Капитан 2-го ранга Ратманов докладывал императору с берегов Тихого океана о некоем шкипере 12-го класса, что тот всегда отличался усердием в службе. А ныне просится служить не в Иркутске, а в Охотске. Николай наложил резолюцию: «Командировать шкипера по выбору. А впредь не спрашивать желания, ибо служат не для своих прихотей».

Офицер из ластового (вспомогательного) экипажа просился о переводе в Севастополь, мотивируя просьбу тем, что «имеет там оседлость». На рапорте Моллера Николай написал: «Согласен на сей раз; но впредь под предлогом оседлости не сметь представлять, ибо служба не есть инвалидный дом, а всякий в отставку выйти может, буде хочет».

Князь Меншиков ходатайствовал о некоем капитан-лейтенанте Симаковском, который просил перевести его с Черного моря на Балтику по состоянию здоровья. Николай резонно заметил: «С юга на север за здоровьем обыкновенно не переводят. Желаю видеть медицинское свидетельство». Меншиков испрашивал, можно ли принять на службу ранее выгнанного по плохой аттестации прапорщика Юдина, Николай ответил: «Какая нам нужда в ненадежных офицерах? По закону может он идти в службу рядовым».

Адмирал Моллер ходатайствовал о некоем мичмане Коростовцеве, отпрыске петербургских вельмож, чтобы определить того адъютантом к адмиралу Рикорду. Николай ответил: «Рано! Впредь, ранее, чем через три года в офицерском звании и трех шестимесячных кампаний, в адъютанты не представлять».

Что ж, как мы видим, порой лично сами императоры старались навести хоть какой-то порядок в перемещениях по службе и чинопроизводстве на флоте, но всё знать и всё учесть они просто были не в состоянии.

Помимо строевых офицеров на каждом военном судне российского парусного флота полагался специальный артиллерийский офицер-констапель (на мелких судах констапель был в унтер-офицерском чине). Артиллерийский офицер имел армейское звание (поручик, подпоручик и т.д.). Он отвечал за содержание пушек и артиллерийских припасов, за качество полученного пороха, а также за правильность хранения припасов и профессиональную подготовку канониров. Констапель получал с берега артиллерийские заряды, ядра, перемеривал последние, на соответствие диаметра с калибром пушек, руководил насыпкой пороха в картузы, «снаряжением бомб и гранат», поддерживал чистоту и порядок в констапельскои камере, обучал пушечные расчеты. Констапель был единственным, у кого в обязанностях значилось: «свое дело хранить наивящую опасностью и ревностью, ибо вся оборона корабля на артиллерии зависит».

Так, как артиллерийские офицеры считались на флотской иерархической лестнице значительно ниже строевых, то комплектовались данные вакансии выходцами из самых худородных дворянских семей, а то и вовсе выслужившими офицерский чин унтер-офицерами.
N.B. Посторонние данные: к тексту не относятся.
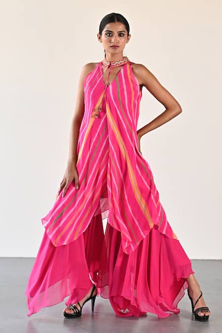 Pink georgette top featuring an all-over stripe pattern with bead, sequin, and thread embellishments. Paired with flared handkerchief pants and an inner slip.

Любопытно, что зачастую туда списывали и наиболее безграмотных выпускников Морского корпуса. Шло ли это на пользу общему делу, сказать сложно.

Морские артиллеристы были выделены в отдельную категорию в российском флоте уже в период Азовских походов Петра, однако как единая строевая часть были организованы в корпус морской артиллерии указом Анны Иоанновны в 1734 году. До этого артиллеристы входили в состав команд. Корпус морской артиллерии организационно состоял из четырех батальонов (по три роты в каждом, одна из которых была бомбардирская, а две — канонирские). Командовал корпусом обер-цейхмейстер в ранге контр-адмирала. Он же являлся и членом Адмиралтейств-коллегий и распоряжался всей артиллерией флота. При нем состояли: цейхмейстер (заместитель), два советника и фейерверкер. Батальонами командовали капитаны морской артиллерии. При каждом батальоне имелся так называемый унтер-штаб: адъютант, квартирмейстер, аудитор, профос Ротами командовали лейтенанты, при каждом имелся помощник — унтер-лейтенант. В 1727 году констапели (имевшие до того унтер-офицерский ранг) были переведены в обер-офицеры (самый младший чин). Состав канонирской роты: лейтенант, унтер-лейтенант, два констапеля, 12 унтер-офицеров, 40 канониров, 120 готлангеров канонирских. Всего корпус насчитывал 2050 человек. В 1757 году штаты корпуса были расширены: четыре должности капитана полковничьего ранга, четыре — капитана майорского ранга и две — капитан-лейтенанта ранга капитана.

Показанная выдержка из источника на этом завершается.